The way it works is that whenever it has to emit a token, it calls back into Ruby. And that essentially yields a block. So, every time that block just gets one token. That way, you don't have to keep anything in-memory for too long. And the setup I have here is essentially that there's a Ruby class which has these callback methods, let's call them that, that call on_element, on_comment, et cetera. And then the lexer calls back into these methods whenever it needs to. And that Ruby code then determines what has to be done with it.

Maybe if I look back at it, it would have been nice because you could use the same code on both CRuby and JRuby. Whereas now I have to essentially mirror some code between the different implementations. Though the way I've done that is in the lexer there's the set of rules that determine how it has to operate. Those are in a separate file. And I've made sure that the syntax of this file and everything that it uses is compatible with both C and Java.

So for example, if you would look at this file, you would see something like a function call called callback and it gives a bunch of arguments. And they syntax is compatible with both C and Java. And then in the extensions, they define those functions so that they do whatever they have to do for that specific language. So, the actual set of rules is reused. And then there's this little bit of support code for both C and Java that then hook that up to Ruby. That way, I can do as little in these lowlevel languages as possible.

CHUCK:

Yeah, that makes sense.

YORICK:

And then the parser has a similar setup. Though the parser's a little bit more complex. There I also had to duplicate some logic in the actual parsing library that I use, which brings us to parsing. The parser, it used to use this library called Racc which is R-A-C-C, [inaudible] also used by Rails for the routes files they have. And that was, Racc is also written in C. I used that for quite a while. At some point, I bumped into the problem where at least for me it wasn't fast enough. And also Racc parsers tend to be a bit tricky to debug due to the algorithm they use. So, if there will be a conflict anywhere in your rules, it would give this weird error saying something like, “Shift reduce conflict,” and you then have to figure out, “Okay, what's actually going on?”

So, I wrote a library called Ruby-LL for that which is again, it's part C and Ruby. The actual parsing loop happens in C or Java. And then again, it calls back in Ruby for as much as possible. There I went a little bit further with doing stuff in low-level code than in Oga itself. For example, for this particular parser I needed dynamic arrays, which in Java are very easy. They're built-in in the language. But in C, they don't exist. You have to either write them manually or you have to use one out of 15,000 libraries out there that supports it. Or you have to use Ruby arrays, but I found those would slow things down too much.

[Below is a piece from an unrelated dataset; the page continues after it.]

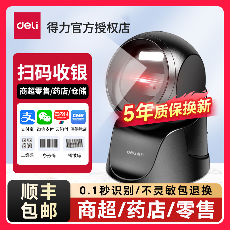 得力收银扫码器超市收银扫码枪二维码扫码器超市便利店扫码盒子商品条码扫码球微信支付宝收付款扫描平台扫码
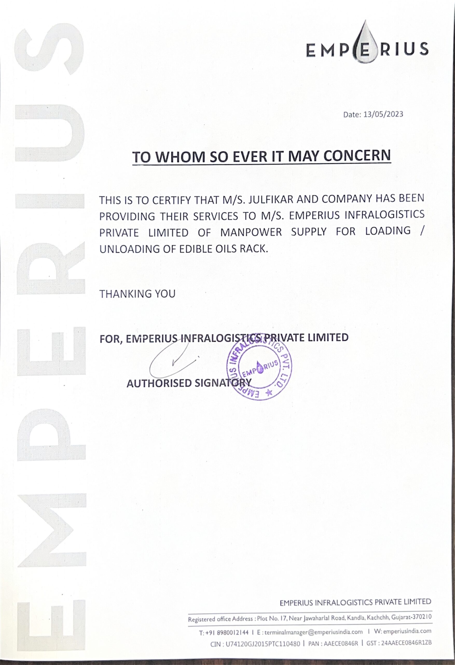 M/S. EMPERIUS INFRALOGISTICS PVT LTD for manpowering supply.

So, what I did there is for example for the C code I had to use this library which basically provided you with dynamic arrays in C. But then I would have to, because that code in itself is not compatible with Java syntax-wise also, you have to duplicate that with whatever Java equivalents there are. So, in this particular Ruby-LL library there are basically two bits of code for C and Java that are similar. If you put them next to each other, you can see the similarities between the two. Basically the Java version is a direct port of the C version adjusted to actually be Java code. That was a bit more tricky to write I guess than I initially anticipated. That whole process took me I think about a month or three, of which the vast majority was spent reading up all these resources. How you do parsing, how you implement them, what different algorithms are there, which one is suitable for what I need, and so on.

CHUCK:

What are some of the resources you looked at for that?

YORICK:

When I started doing that, my goal was to write a parser that wasn't necessarily just faster but also easy to debug and generally just less code to worry about. Racc there, in general it's a stable library but it has accumulated quite a bit of code over the years. It's a library from initially I think 2001 or 2 or something. So, it's been around for quite a while. And it has these weird conditions where I believe it still supports Ruby 1.8 or 1.9. I'm not sure which one of the two. So, debugging it is [sighs] it's not as convenient.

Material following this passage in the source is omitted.